7. A step of outputting a threshold value for separating a template belonging to the subset from a subset, wherein the feature degeneration of a template included in the subset when the subset is a leaf node. 7. The method according to claim 6, wherein only effective feature components are selected and output.

8. The step of outputting the child node as a result of the classification is such that when the classification of the pattern into child nodes has been completed to the lowest layer, the classification is ended. A method for accelerating a recognition search according to claim 6 or 7.

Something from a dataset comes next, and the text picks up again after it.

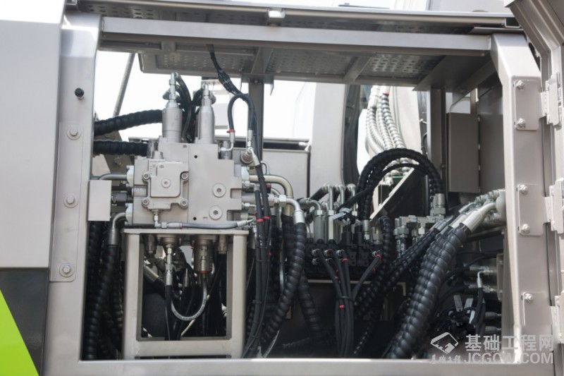 为了便于设备的转场,ZR240C-3同样也做了很大改进。其一是增加了吊锚架油缸,桅杆免拆去支撑,更加方便装拆;其二,这款产品可以不拆卸履带运输,使用900高的运输车辆进行运输时,整机高度不超过4.5米;可顺利通过限高装置。
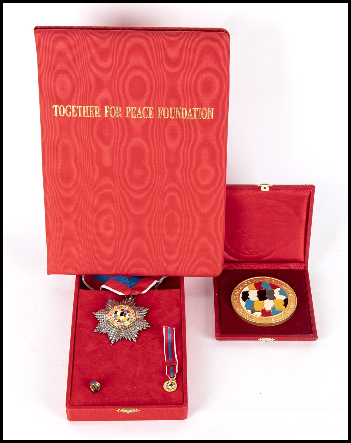 Lotto composto da una onorificenza per Commendatore in argento ed un medaglione, in scatole originali, con cartellina per attestato (vuota)

9. The step of outputting a threshold value for performing separation into a template and a subset belonging to the subset is performed by including categories existing over the determined threshold in subsets on both sides of the threshold. 9. The method according to claim 6, wherein a tree is generated.

10. A method for measuring the frequency of appearance of the correct category and outputting the frequency of appearance of the correct category to the subset generating means, for separating the subset belonging to the template from the subset. The step of outputting a threshold value of the template set is output as a threshold value for controlling a boundary for classification in accordance with a prior probability of the correct answer category in classifying the template set into the subset. The method for accelerating recognition search according to any one of claims 6 to 9.

11. A feature vector is generated from an input character pattern, the feature vector is identified according to a condition stored in each node of a previously generated decision tree, and child nodes are sequentially selected according to the identification result. A storage medium storing a recognition search speed-up control program for speeding up the recognition search in the recognition search device that repeatedly performs this classification until reaching the terminal node; A search device is configured to generate a template of a multidimensional feature vector stored in a recognition dictionary from a set of patterns to which a predetermined correct category has been assigned, and to select a template of interest and a pattern corresponding to each of the templates. And the frequency of appearance of the correct answer category are classified into subsets, and A hierarchical structure stored in a hierarchical dictionary means for outputting a template to which the template belongs and a threshold value for performing separation into subsets, and storing the sequentially generated template subset in association with a corresponding subset of the template before separation. Are input in order from the upper hierarchy to classify the input pattern and output the child nodes as a result of the classification, read out effective feature amounts for determining a template from the leaf nodes of the hierarchical structure, and read those feature amounts. A recording medium on which a recognition and retrieval speed-up control program is recorded, wherein a large classification is performed by using a computer.